(Beginning of INFORMATION SHOWN)

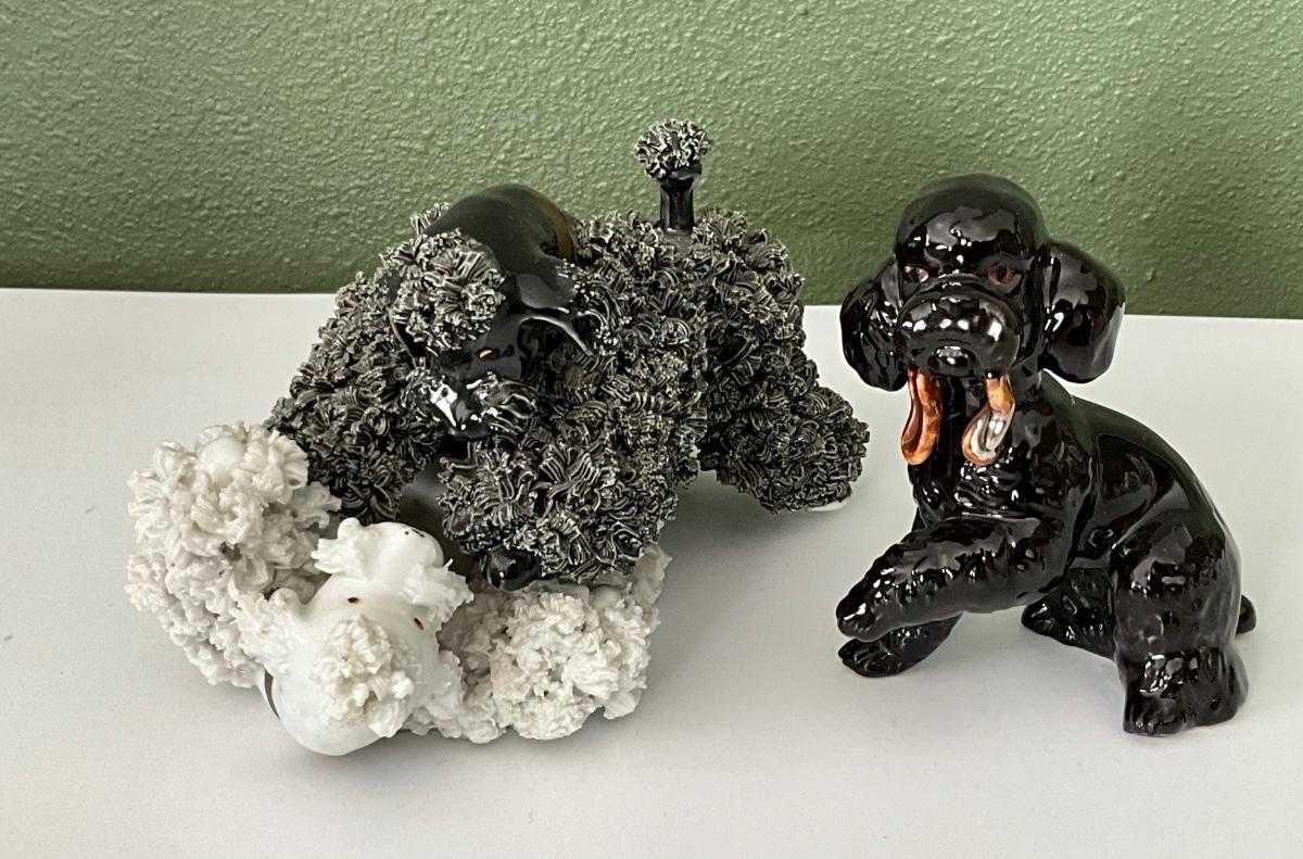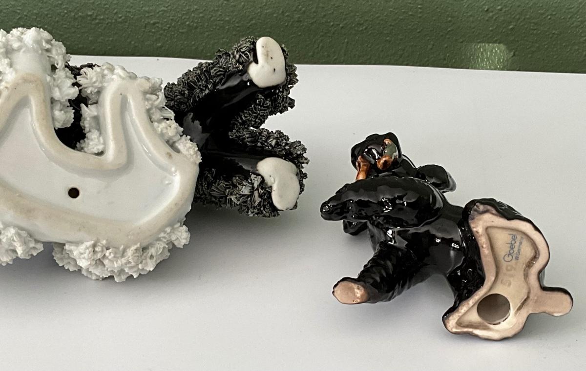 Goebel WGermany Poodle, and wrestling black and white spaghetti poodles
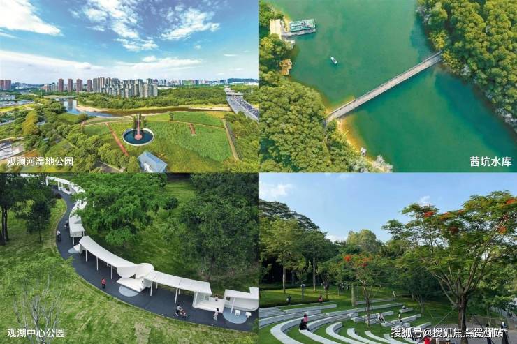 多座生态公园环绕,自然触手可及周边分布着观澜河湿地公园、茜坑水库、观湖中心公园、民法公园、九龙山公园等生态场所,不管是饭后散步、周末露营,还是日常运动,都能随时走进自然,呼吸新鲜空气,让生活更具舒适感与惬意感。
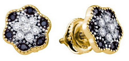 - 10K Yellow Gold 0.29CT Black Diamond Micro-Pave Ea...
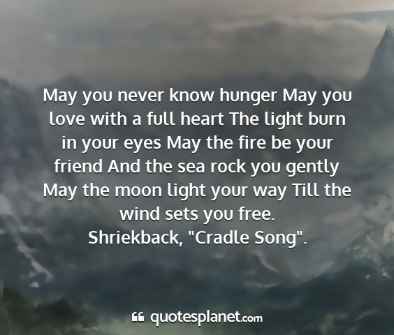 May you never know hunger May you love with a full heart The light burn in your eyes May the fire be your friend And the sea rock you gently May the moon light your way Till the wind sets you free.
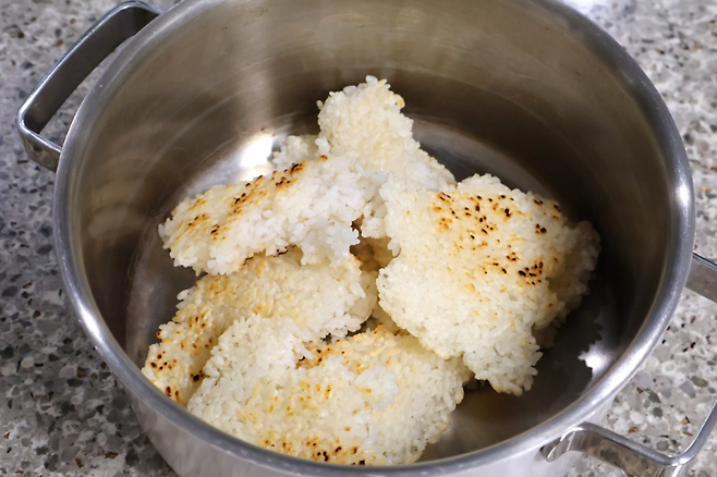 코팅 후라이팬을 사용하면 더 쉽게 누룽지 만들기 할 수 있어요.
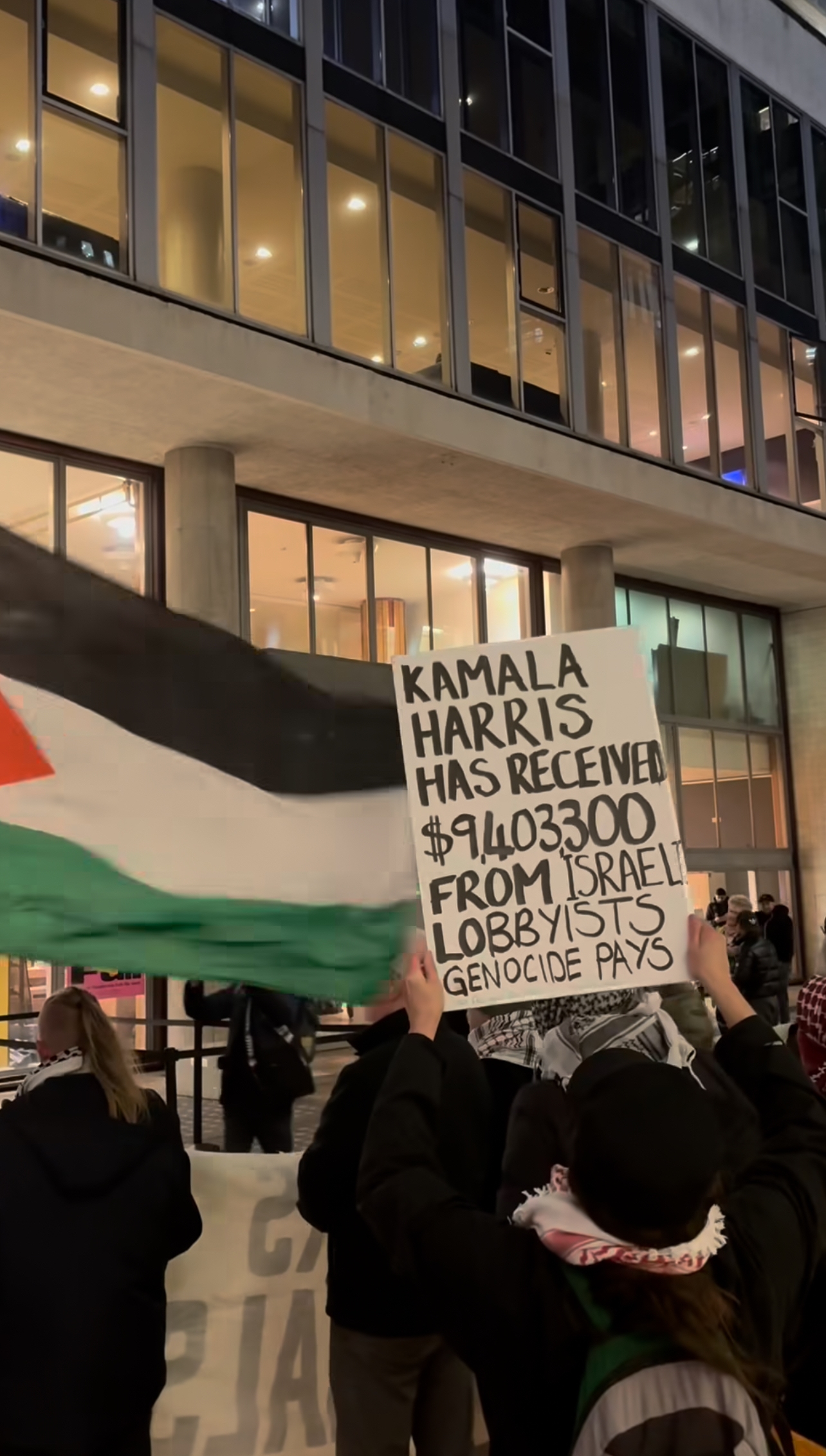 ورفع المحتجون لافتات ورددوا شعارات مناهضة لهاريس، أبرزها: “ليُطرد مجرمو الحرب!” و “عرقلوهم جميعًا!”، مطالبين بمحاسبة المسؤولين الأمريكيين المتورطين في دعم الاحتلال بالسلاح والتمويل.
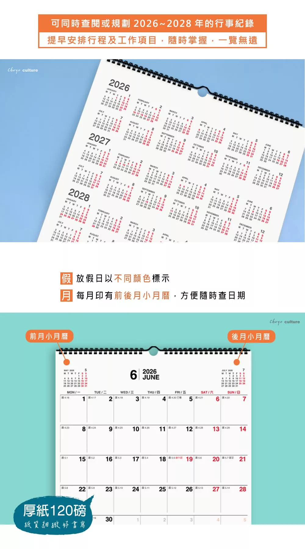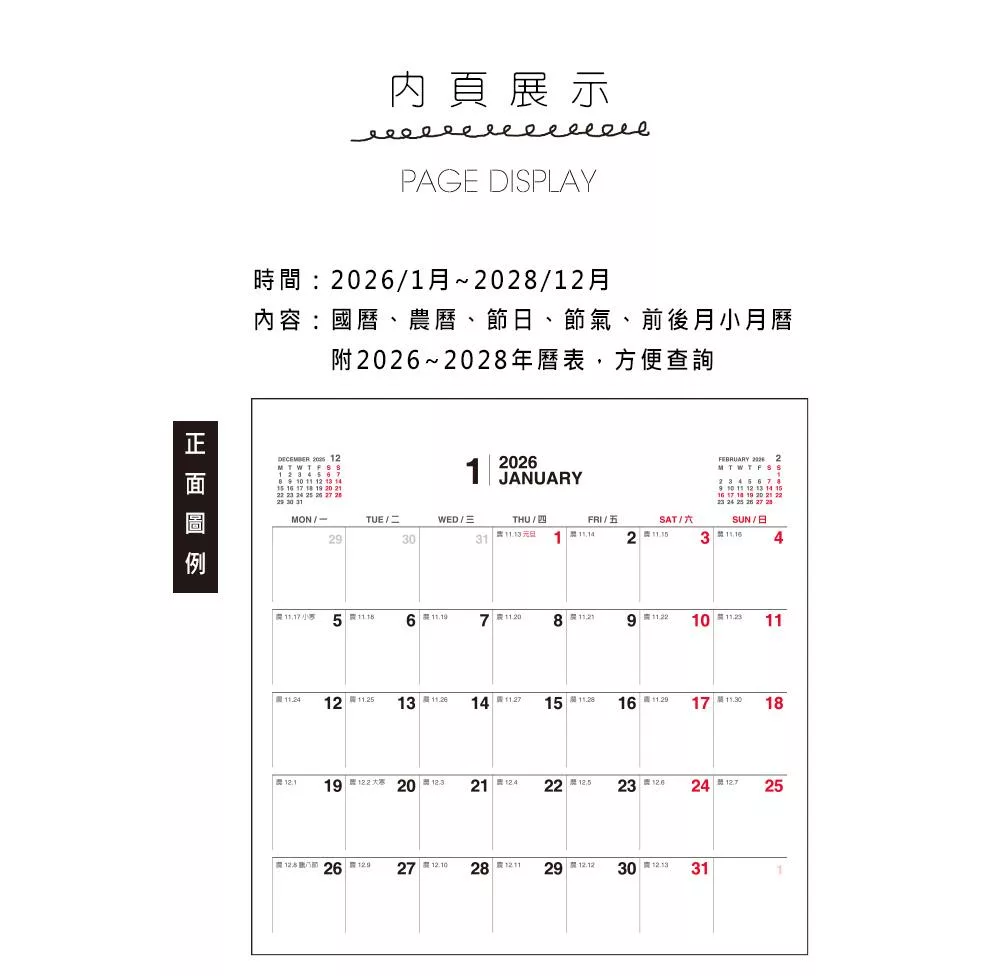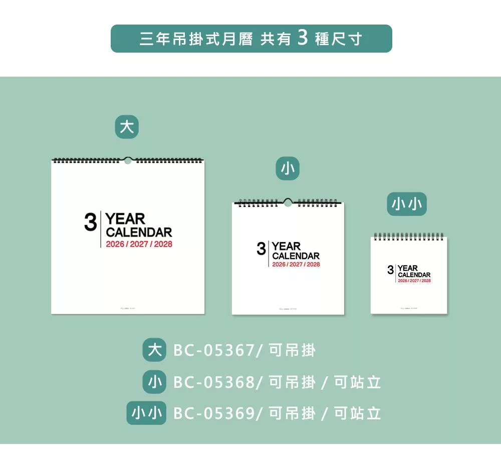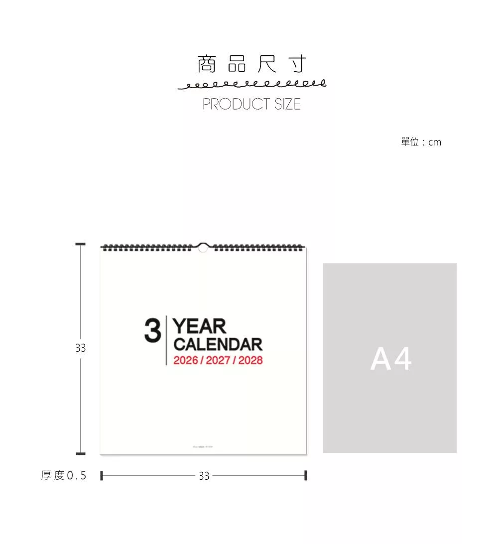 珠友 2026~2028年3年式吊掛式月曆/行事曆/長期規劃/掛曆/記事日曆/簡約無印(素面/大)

(End of INFORMATION SHOWN)

> _TRY IT_: Could you reproduce every record above exactly, leaving out the pictures?

> _EXERCISE OUTPUT_:
 Goebel WGermany Poodle, and wrestling black and white spaghetti poodles
 多座生态公园环绕,自然触手可及周边分布着观澜河湿地公园、茜坑水库、观湖中心公园、民法公园、九龙山公园等生态场所,不管是饭后散步、周末露营,还是日常运动,都能随时走进自然,呼吸新鲜空气,让生活更具舒适感与惬意感。
 - 10K Yellow Gold 0.29CT Black Diamond Micro-Pave Ea...
 May you never know hunger May you love with a full heart The light burn in your eyes May the fire be your friend And the sea rock you gently May the moon light your way Till the wind sets you free.
 코팅 후라이팬을 사용하면 더 쉽게 누룽지 만들기 할 수 있어요.
 ورفع المحتجون لافتات ورددوا شعارات مناهضة لهاريس، أبرزها: “ليُطرد مجرمو الحرب!” و “عرقلوهم جميعًا!”، مطالبين بمحاسبة المسؤولين الأمريكيين المتورطين في دعم الاحتلال بالسلاح والتمويل.
 珠友 2026~2028年3年式吊掛式月曆/行事曆/長期規劃/掛曆/記事日曆/簡約無印(素面/大)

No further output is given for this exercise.